Она улыбается в ответ.
Треск эхом разносится по буфету, и сначала я не понимаю, откуда он исходит. Я оглядываюсь вокруг, замечая девушек, которые цепляются за другого солдата, мучая его своими царапаниями и пинками. Другие девушки замирают, как будто они тоже это слышали.

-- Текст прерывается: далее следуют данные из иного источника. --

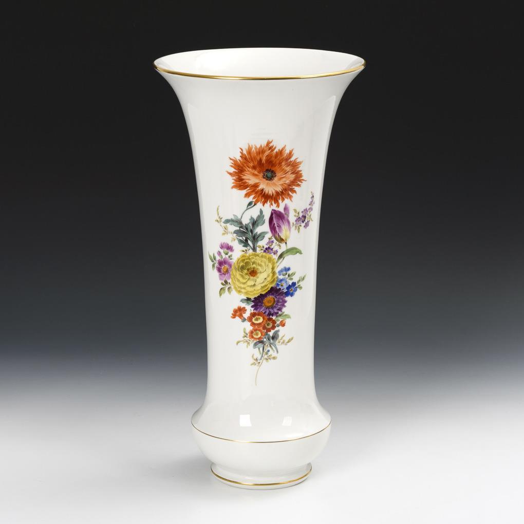 Crater vase with a large bouquet of flowers on the front with feather poppies, zinnia and tulip.

Еще один треск, и мой взгляд устремляется к Брайани, чья рука выскальзывает из моей. Она падает навзничь на белые плитки, где из-под ее тела начала выползать красная тень. Он становится все больше и больше, отходя все дальше от нее.
Какая-то сила ударяет меня по затылку, такая сильная, что в носовых пазухах возникает болезненное шипение, и мое зрение становится бледно-белым. Боль обжигает мою щеку, и я понимаю, что лежу на полу. Комната кружится вокруг меня, но мне удается перевести взгляд на Брайани, который лежит рядом со мной. Когда я тянусь к ней, моя рука скользит по лужице влаги, и я беру ее за руку. Слезы наполняют ее глаза, такие широкие от страха, и я не могу сказать, та ли это белая дымка, что была раньше, но ее лицо кажется более бледным, более изможденным.
— Кали? Синие губы дрожат, когда она лежит, сжимая мою руку.
— Мне холодно. Так холодно.
Уголки моего зрения смыкаются вокруг меня, уменьшая сцену передо мной до полос красного, белого и голубого.
— Брайани? Я чувствую, как ее рука выскальзывает из моей, и я усиленно моргаю, мельком замечая солдат, тащащих ее по кухонному полу.
— Брайани! Цепляясь за плитки, я заставляю себя приблизиться к ней, следуя по кровавой дорожке, оставленной позади.
— Брайани, подожди!
Ее ноги исчезают за углом, в коридоре.
Сквозь слезы я снова подтягиваюсь вперед.
— Брайани!
Они никогда не возвращаются, когда их утаскивают.
Глава 18
Я смотрю в угол комнаты, где в тени прячется ничто. Не ничто. Огромная боль в моей заднице. Буквально.
Плотно сжав губы, чтобы скрыть свое разочарование, я опускаю взгляд на свои руки, лежащие поверх скрещенных ног. Последние двадцать минут мы сидели в тишине, и каждая проходящая минута представляет угрозу для моей сестры.
Ублюдок даже не извинился за наказание, которое я приняла от его имени.
В любую секунду Медуза может ворваться в эту дверь и сопроводить меня вниз, к разочарованному доктору Эрикссону. И все потому, что этот мерзкий придурок не хочет мне подыгрывать.
— Я знаю, что ты можешь говорить под этой маской. Все говорят, что ваши рты зашиты, но я знаю, что это чушь собачья. Так что говори.
Следует его молчание, разжигающее гнев, который уже горит внутри меня.
Еще одно доказательство того, что этот человек убил Дина не из-за меня. Он убил его не из ревности. Он увидел возможность отыграться и воспользовался ею.
Но чтобы проверить эту теорию, мне нужно его немного подтолкнуть.